-- RECORDS TO USE --
──────────────────────────────

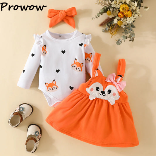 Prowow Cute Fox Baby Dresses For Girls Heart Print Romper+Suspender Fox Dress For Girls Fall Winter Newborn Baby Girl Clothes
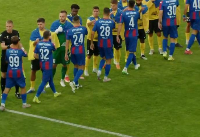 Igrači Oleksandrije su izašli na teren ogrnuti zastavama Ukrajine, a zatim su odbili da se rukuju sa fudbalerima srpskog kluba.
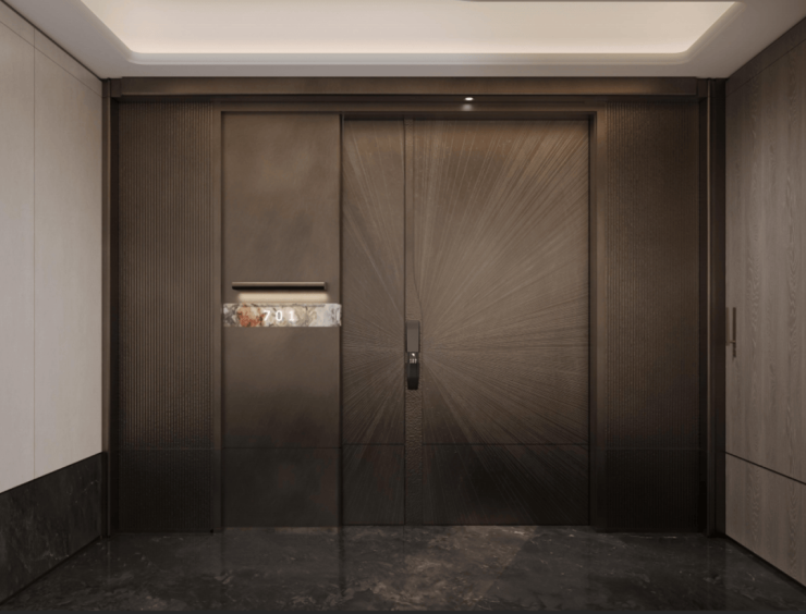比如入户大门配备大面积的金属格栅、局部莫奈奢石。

──────────────────────────────

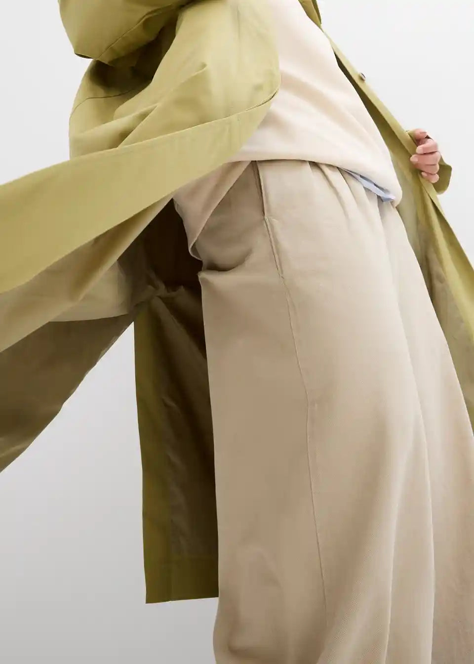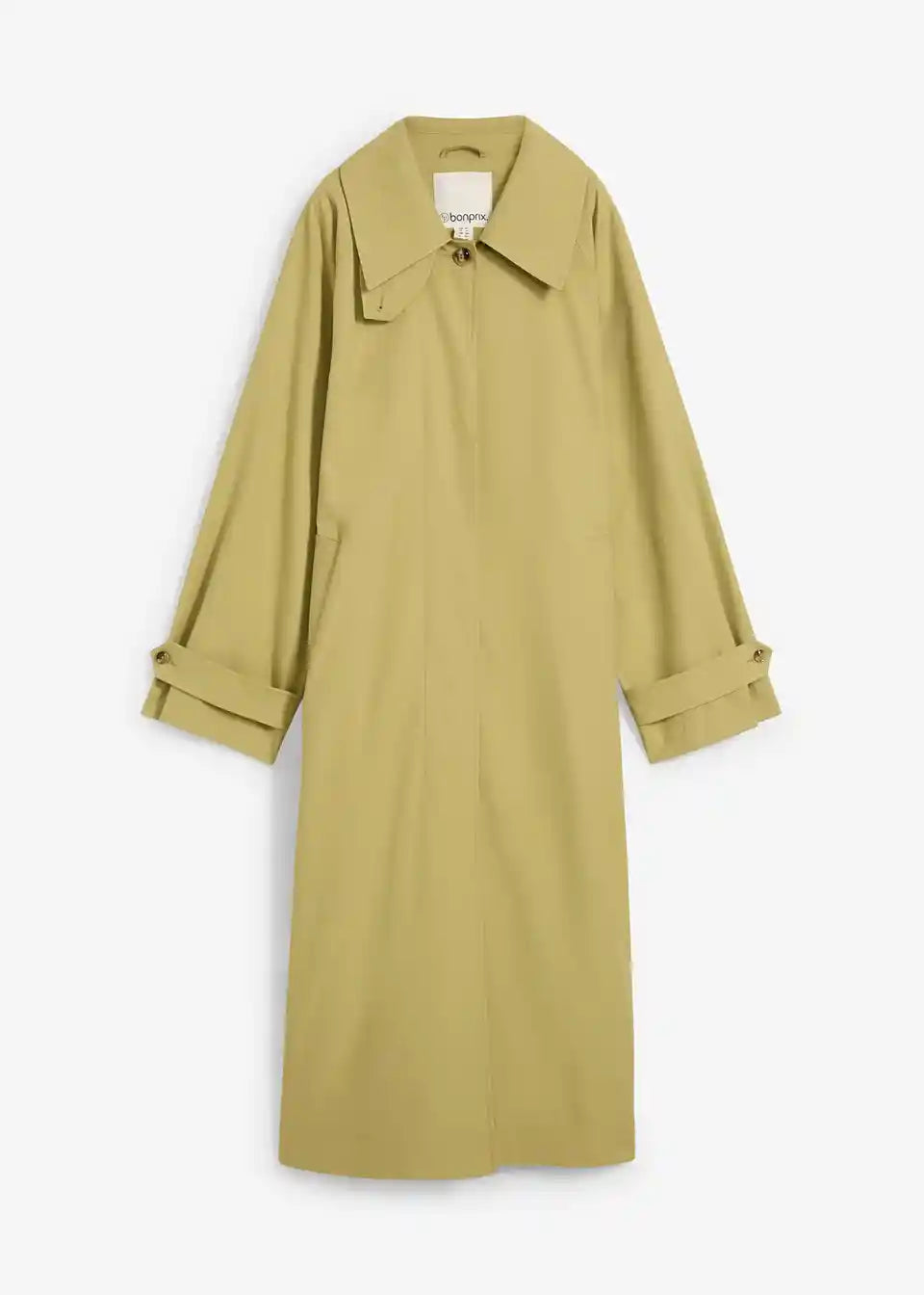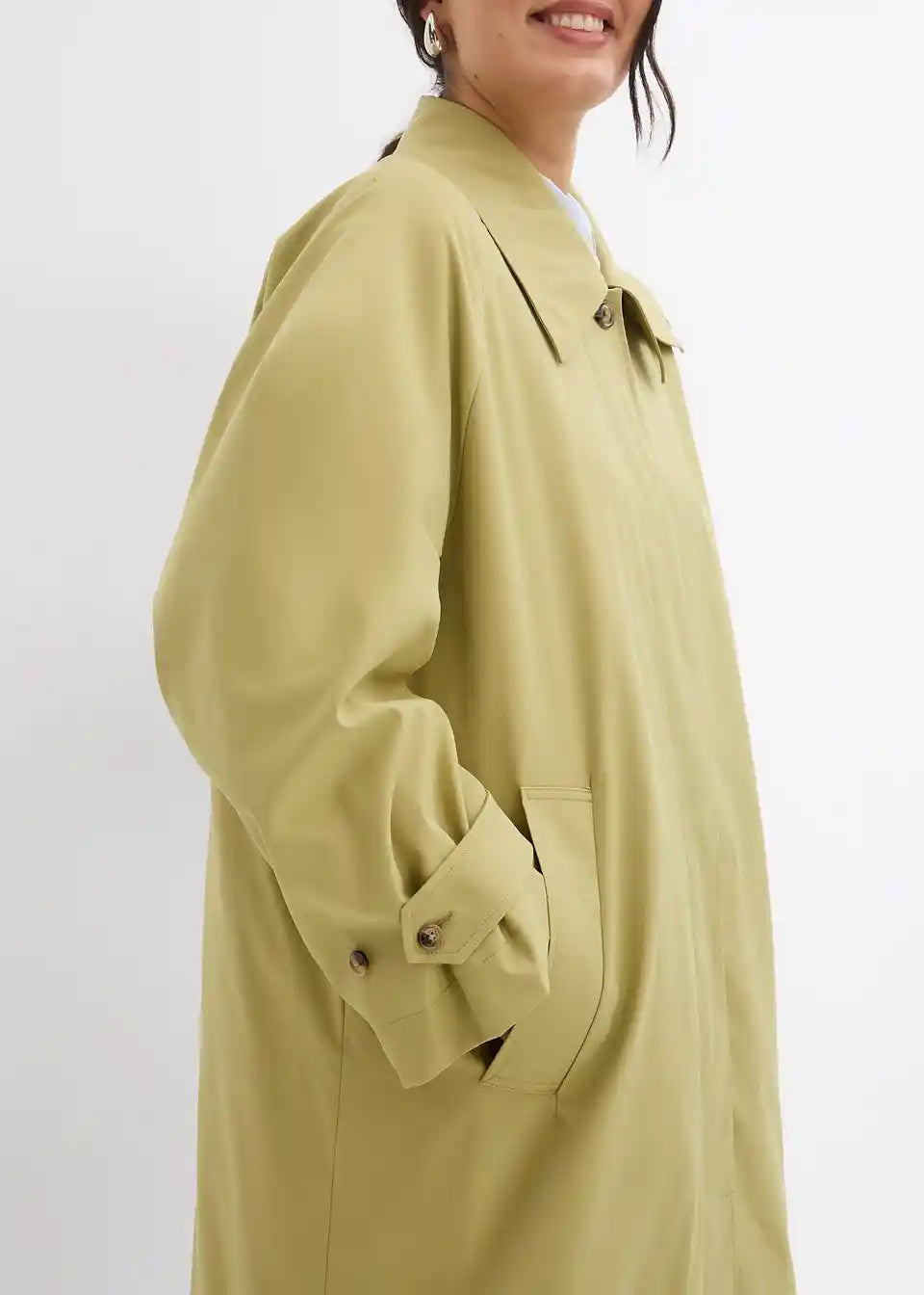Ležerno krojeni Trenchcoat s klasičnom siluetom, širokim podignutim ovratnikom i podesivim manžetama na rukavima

──────────────────────────────

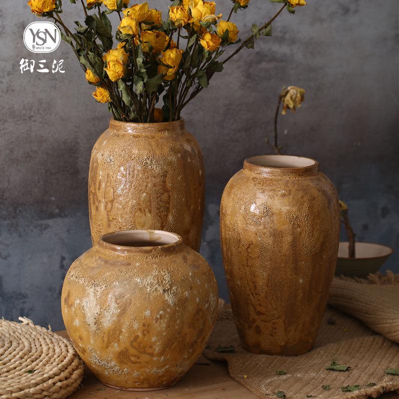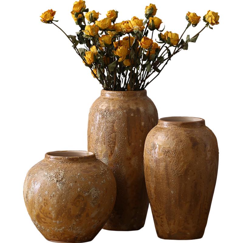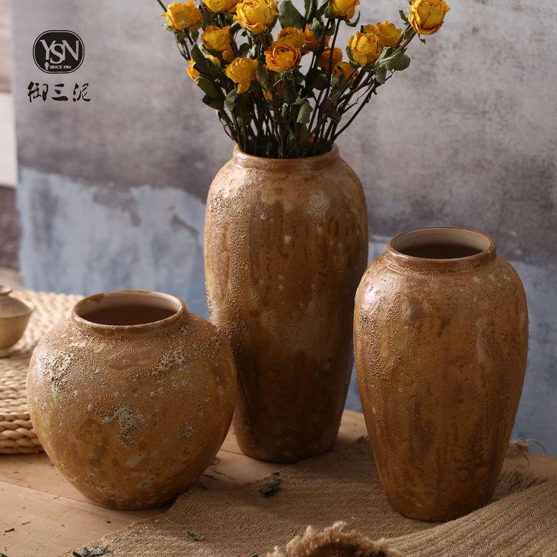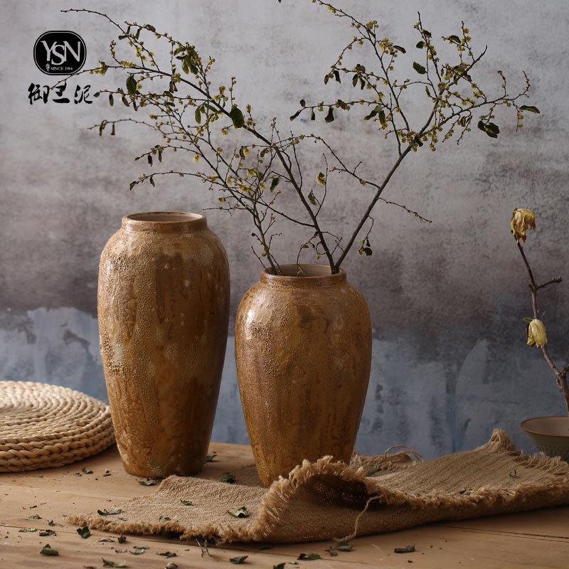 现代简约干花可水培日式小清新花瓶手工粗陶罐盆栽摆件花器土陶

──────────────────────────────

-- EXERCISE REQUIREMENTS --
Only one stretch of the data is wanted: write out exactly the lines from the one holding "Prowow Cute Fox" through the one holding "比如入户大门配备大面积的金属格栅、局部莫奈奢石。", both included, without the pictures.

-- RESPONSE TO THE EXERCISE --
 Prowow Cute Fox Baby Dresses For Girls Heart Print Romper+Suspender Fox Dress For Girls Fall Winter Newborn Baby Girl Clothes
 Igrači Oleksandrije su izašli na teren ogrnuti zastavama Ukrajine, a zatim su odbili da se rukuju sa fudbalerima srpskog kluba.
比如入户大门配备大面积的金属格栅、局部莫奈奢石。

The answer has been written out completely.